Em entrevista exclusiva à ABIA, a gerente de DST/AIDS, sangue e hemoderivados da Secretaria de Estado de Saúde do Rio de Janeiro, Denise Pires, avalia a gravíssima situação da saúde que afeta o atendimento aos pacientes que vivem com AIDS hoje no estado. Pires revela como os gestores planejam atender os 700 pacientes com HIV que foram transferidos para o Iaserj, após o fechamento do serviço de AIDS no Hospital São Francisco de Assis (antigo Hospital da Venerável Ordem Terceira da Penitência) na Tijuca (RJ). Segundo Pires, os serviços não serão interrompidos e a secretaria está trabalhando para causar o mínimo de impacto possível aos pacientes na transferência dos serviços para o IASERJ. Apesar da boa expectativa, a gerente de DST/AIDS reconhece a situação no estado é gravíssima. “Certamente há muita morte que poderia ser evitada”.
ABIA: O Serviço de AIDS, oferecido pela Secretaria Estadual de Saúde no Hospital Francisco de Assis surgiu há quatro anos com a promessa de ampliar a assistência das pessoas que vivem com HIV e AIDS no estado. O que aconteceu com o serviço neste período?
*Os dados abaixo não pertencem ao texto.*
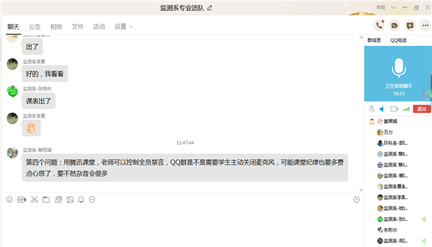 接着,参加公开课人员对网络教学存在的问题进行了研讨,包括使用平台问题、网络速度、是否直播、学生上课状况等,蔡宗平副主任就有关问题做出了相应的回答。
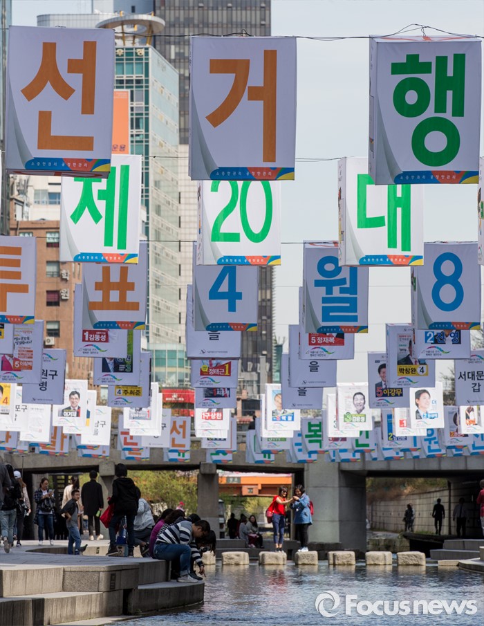 (서울=포커스뉴스) 4일 오후 서울 청계천 모전교에서 광통교 사이에 4.13 제20대 국회의원선거를 알리는 조형물이 설치돼 있다.

Denise Pires: A secretaria realizou uma iniciativa importante ao montar o ambulatório na Tijuca. Na época, enfrentávamos algumas circunstâncias, das quais destaco: 1) o problema de oferta de serviços e 2) o gargalo no atendimento surgido na ocasião da testagem móvel dirigida à população de maior vulnerabilidade no Projeto Fazer. Havia um acordo entre os dois níveis de gestão, estado e município, que a referência seria o Hospital dos Servidores, mas houve um momento que não foi mais possível absorver. Havia também dois fóruns de organizações não governamentais que atuavam no campo da AIDS e da Tuberculose. Estes fóruns faziam pressão para uma resposta. Foi neste momento que surgiu o ambulatório. Já havia uma Organização Social (OS) que administrava alguns serviços na Ordem Terceira (que é um hospital vinculado à Igreja Católica). O ambulatório entrou neste conjunto de ofertas de serviços. Conseguimos oito leitos, mas nunca foram de maior complexidade. Eram leitos para pacientes com baixa complexidade, porque não havia isolamento respiratório. Se alguém com tuberculose fosse internado, por exemplo, tinha que ser mantido no quarto, sem contato com outros pacientes. O Hospital tinha um CTI, mas não era da AIDS. Sem dúvida, no Estado, um dos nossos grandes desafios é organizar a assistência aos pacientes com AIDS, porque exige uma complexidade. Exige uma resposta que envolva os três níveis de governo, integração e articulação de serviços, além da otimização de recursos existentes. O ambulatório é importante, mas deve estar integrado a outros setores.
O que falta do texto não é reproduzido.